[SERVER-20874] replSet write stall under stress with wiredTiger Created: 09/Oct/15  Updated: 12/Nov/15  Resolved: 11/Nov/15

Status: Closed
Project: Core Server
Component/s: Replication, WiredTiger
Affects Version/s: 3.1.9
Fix Version/s: None

Type: Bug Priority: Blocker - P1
Reporter: Rui Zhang (Inactive) Assignee: Michael Cahill (Inactive)
Resolution: Done Votes: 0
Labels: sys-perf-reg
Remaining Estimate: Not Specified
Time Spent: Not Specified
Original Estimate: Not Specified

Attachments: File 3.2-rc0-run.tar.gz     HTML File call-tree-replSet-stall.html     HTML File calltree_188a60.html     File diagnostic.data.backup.tar.gz     PNG File diagnostic.data.png     HTML File gdbmon-reverse.html     PNG File gdbmon.png     PNG File pre-A.png     Text File stacktrace.log     Text File stacktrace_188a60.log    
Issue Links:
Related
Operating System: ALL
Steps To Reproduce:

Setup replSet with secondaries
Start continuous insert traffic
Monitor throughput with mongostat, may drop to very long throughput after 15min of test run

Sprint: Performance A (10/08/15), Performance B (11/02/15)
Participants:

 Description   

Summary:

After further testing, here is summary on what we know:

  • this only happens with replSet with secondaries, could not reproduce this with single node replSet
  • this is not related to replica protocolVersion
  • usually happens after around 15min with continuous insert (c3.8xlarge), easier to reproduce with smaller instance (m3.2xlarge), both setups using two SSD to separate DB file and journal
  • can reproduce with 3-node replSet running in the same instance.
  • attached calltree, and stacktrace,
  • the issue is here for a while, it failed as early as 3.1.8 release.

Observation:

  • we saw two failures during long insert phase of longevity tests. The symptom is insert throughput drop to very low or close to 0
  • the traffic is generated with YCSB, will try to create a benchRun repo
  • the original issue is observed with shard cluster with replSet as shard, after further test, found this is issue with replSet with secondaries (I am testing with 3 node replSet).
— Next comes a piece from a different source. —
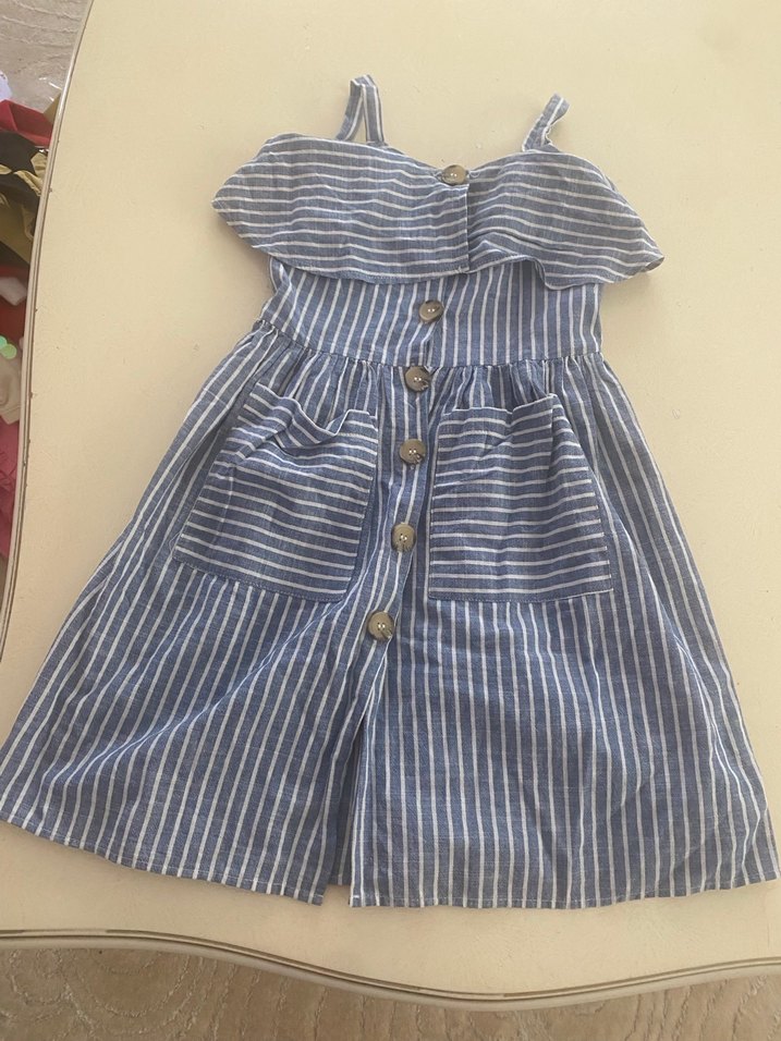 Düğmeli, askılı ve straplez yakalı, bol kesim kız çocuk keten elbise

Did not see this issue with single node replSet.
  • the first SHA observed for this is 3223f84a8eeaf89a30d6789038e5d68c7b019108, the longevity is run once per week, therefore, we do not have a small range or exact SHA now.
  • This can be reproduced with 3 node replSet easily, so far, 100% for me.
  • on primary, when this drop happens, CPU usage is low, at the beginning DB disk partition show high disk I/O. Then all go largely idle after a while since throughput is dropped to close to 0, this could be a lock up situation.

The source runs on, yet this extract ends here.